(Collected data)

:::::

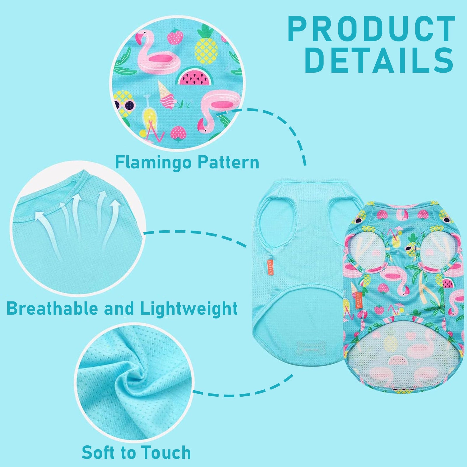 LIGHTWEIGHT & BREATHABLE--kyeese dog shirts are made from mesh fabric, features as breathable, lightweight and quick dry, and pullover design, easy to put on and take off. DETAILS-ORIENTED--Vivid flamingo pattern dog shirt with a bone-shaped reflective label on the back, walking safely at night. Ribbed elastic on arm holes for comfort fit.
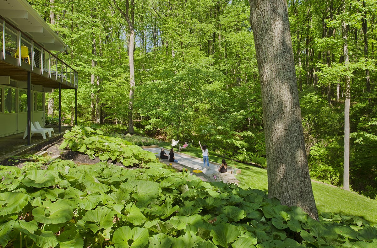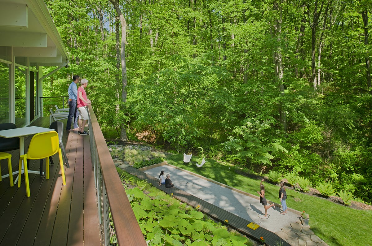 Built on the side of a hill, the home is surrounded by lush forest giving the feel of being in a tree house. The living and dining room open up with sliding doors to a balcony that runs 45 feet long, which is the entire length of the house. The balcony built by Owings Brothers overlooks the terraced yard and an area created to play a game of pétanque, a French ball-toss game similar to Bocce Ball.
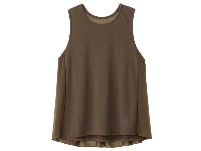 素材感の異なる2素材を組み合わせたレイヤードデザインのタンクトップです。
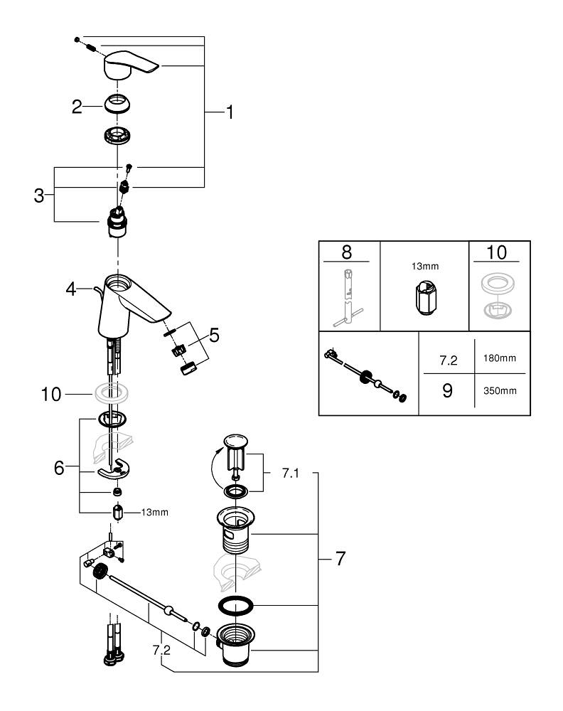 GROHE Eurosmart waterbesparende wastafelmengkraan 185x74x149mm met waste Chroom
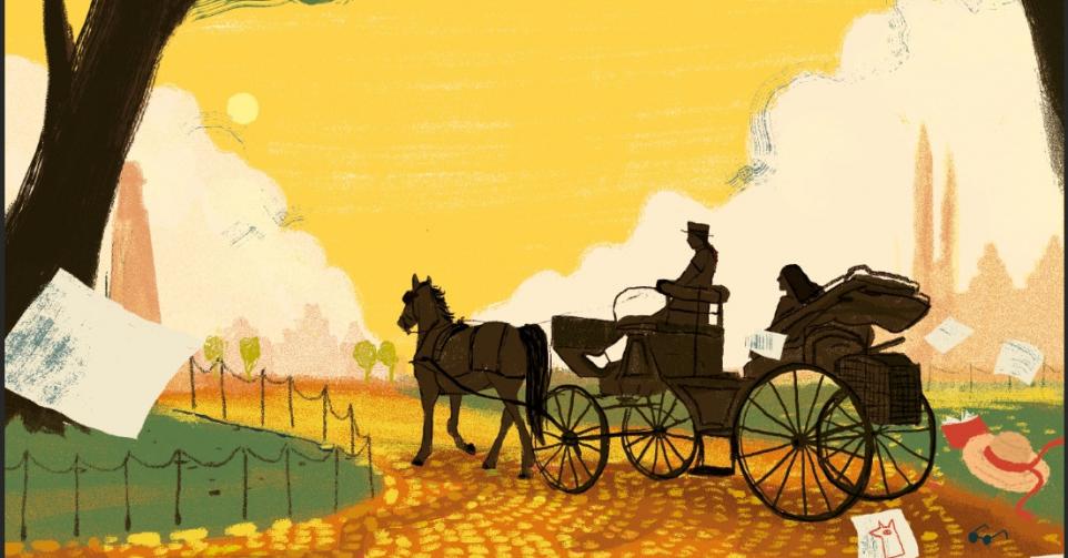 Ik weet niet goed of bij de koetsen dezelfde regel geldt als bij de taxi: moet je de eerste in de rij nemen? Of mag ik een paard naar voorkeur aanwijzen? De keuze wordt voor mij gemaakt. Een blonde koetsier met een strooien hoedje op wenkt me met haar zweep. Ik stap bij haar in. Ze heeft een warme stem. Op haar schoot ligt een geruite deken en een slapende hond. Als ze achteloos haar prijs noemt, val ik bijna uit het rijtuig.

:::::

§ What to produce:
A word-for-word copy of every entry, with the pictures left out, is the required answer.

§ Solution to this problem:
 LIGHTWEIGHT & BREATHABLE--kyeese dog shirts are made from mesh fabric, features as breathable, lightweight and quick dry, and pullover design, easy to put on and take off. DETAILS-ORIENTED--Vivid flamingo pattern dog shirt with a bone-shaped reflective label on the back, walking safely at night. Ribbed elastic on arm holes for comfort fit.
 Built on the side of a hill, the home is surrounded by lush forest giving the feel of being in a tree house. The living and dining room open up with sliding doors to a balcony that runs 45 feet long, which is the entire length of the house. The balcony built by Owings Brothers overlooks the terraced yard and an area created to play a game of pétanque, a French ball-toss game similar to Bocce Ball.
 素材感の異なる2素材を組み合わせたレイヤードデザインのタンクトップです。
 GROHE Eurosmart waterbesparende wastafelmengkraan 185x74x149mm met waste Chroom
 Ik weet niet goed of bij de koetsen dezelfde regel geldt als bij de taxi: moet je de eerste in de rij nemen? Of mag ik een paard naar voorkeur aanwijzen? De keuze wordt voor mij gemaakt. Een blonde koetsier met een strooien hoedje op wenkt me met haar zweep. Ik stap bij haar in. Ze heeft een warme stem. Op haar schoot ligt een geruite deken en een slapende hond. Als ze achteloos haar prijs noemt, val ik bijna uit het rijtuig.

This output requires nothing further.